North America, particularly the US, is widely expected by the insurance executives surveyed to have the most insurance M&A activity in the coming three years. Asia-Pacific is projected to be the region where insurers have the most partnership opportunities, and Western Europe is expected to drive relatively more divestiture activity.

Identifying the right, transformational deals
Intending to do more deals is one thing, but are insurance organizations up to the challenge of identifying and successfully executing the right deals?  Only ten and seven percent of executives, respectively, say they are extremely likely to find a deal that is a strategic fit for their business and operating model.  Moreover, a majority believe their organization’s capabilities for deal sourcing, evaluation and execution are lagging, with 72 percent saying their deal sourcing objectives aren’t highly aligned with their corporate strategy and 72 percent rating their capabilities for evaluating a target’s strategic fit as moderate to low.

To accelerate their transformation goals, an emerging trend for insurers is setting up dedicated capabilities, including corporate venture capital (CVC) teams, to acquire and accelerate innovation. Eighteen percent of insurers surveyed indicated they either already had an established CVC or had plans to establish one, with the top ranked objective being acquiring innovation for business model transformation.

“To realize value from their deals, insurers need to rethink their approach and their capabilities,” points out Ram Menon, Global Head of Insurance Deal Advisory for KPMG International. “Insurers need to redefine deal success — from acquisition strategy to integration execution — set out a clear path for transformation applying holistic design thinking, accelerate innovation by standing up an inorganic innovation engine, and more importantly, resist short-term thinking.

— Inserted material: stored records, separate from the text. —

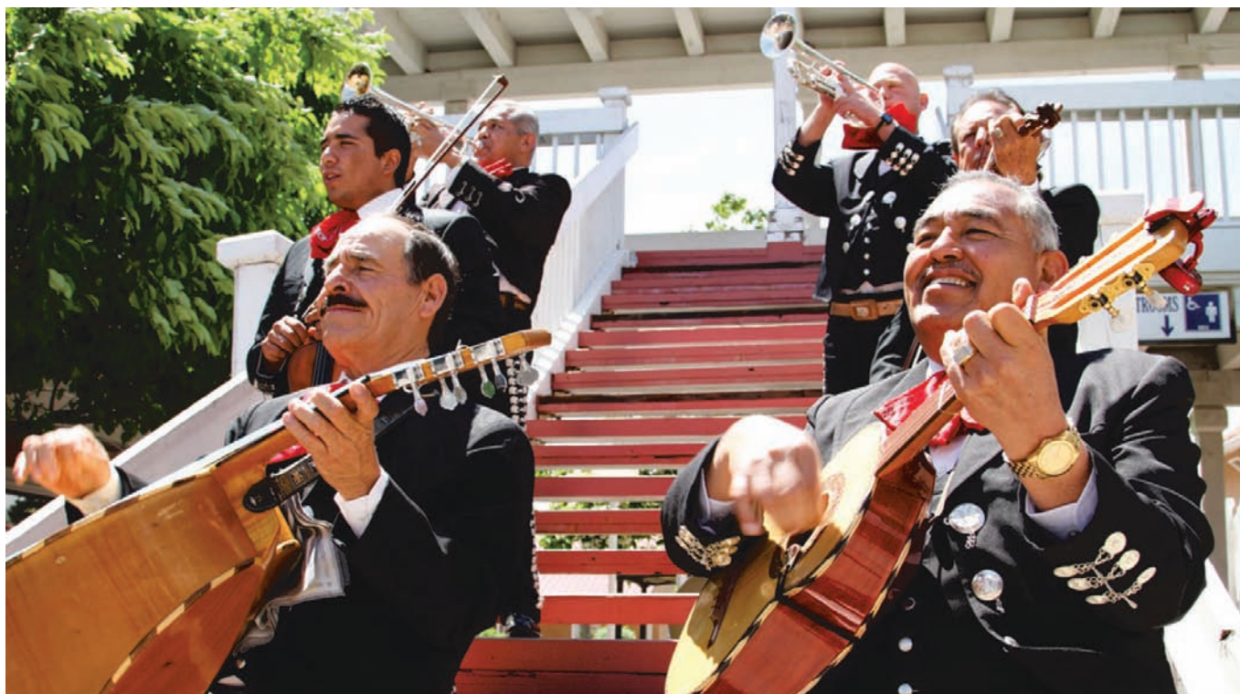
Mariachi Nuevo Sonido performs during the sixth annual mariachi and dance concert at Buffalo Thunder Resort & Casino on Saturday, Aug. 9.

On The Plaza Thursday, Aug. 21; sneak preview Friday, Aug. 22; live auction dinner and gala Saturday, Aug. 23; market Saturday and Sunday, Aug. 22-23; swaia.org, 505-983-5220.
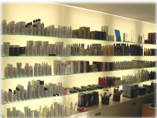
Backing can be back-lit
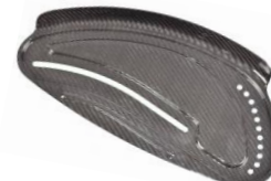
Carbon fibre sideguard, fender, wet weatherprotection (black)

Transformation is not a ‘one-and-done’ event.”

About the report
For KPMG worked with Mergermarket to interview more than 200 global insurance executives involved in M&A, strategy and innovation initiatives at their respective organizations to learn about their outlook for the industry and their expectations as they plan to strategically deploy capital. The research respondents were divided regionally among firms in Asia-Pacific (33 percent), EuropeMiddle East + Africa (33 percent), and North America (33 percent) as well as by the segments Life (25 percent), Non-Life (25 percent), Reinsurance (25 percent), and Other (25 percent) (the segment ‘Other’ encompasses Insurance Brokers and Insurance Services). Companies needed to have a minimum of US$1.5bn in annual revenue to qualify for participation.

About KPMG International
KPMG is a global network of professional services firms providing Audit, Tax and Advisory services. We operate in 154 countries and territories and have 200,000 people working in member firms around the world. The independent member firms of the KPMG network are affiliated with KPMG International Cooperative (“KPMG International”), a Swiss entity. Each KPMG firm is a legally distinct and separate entity and describes itself as such.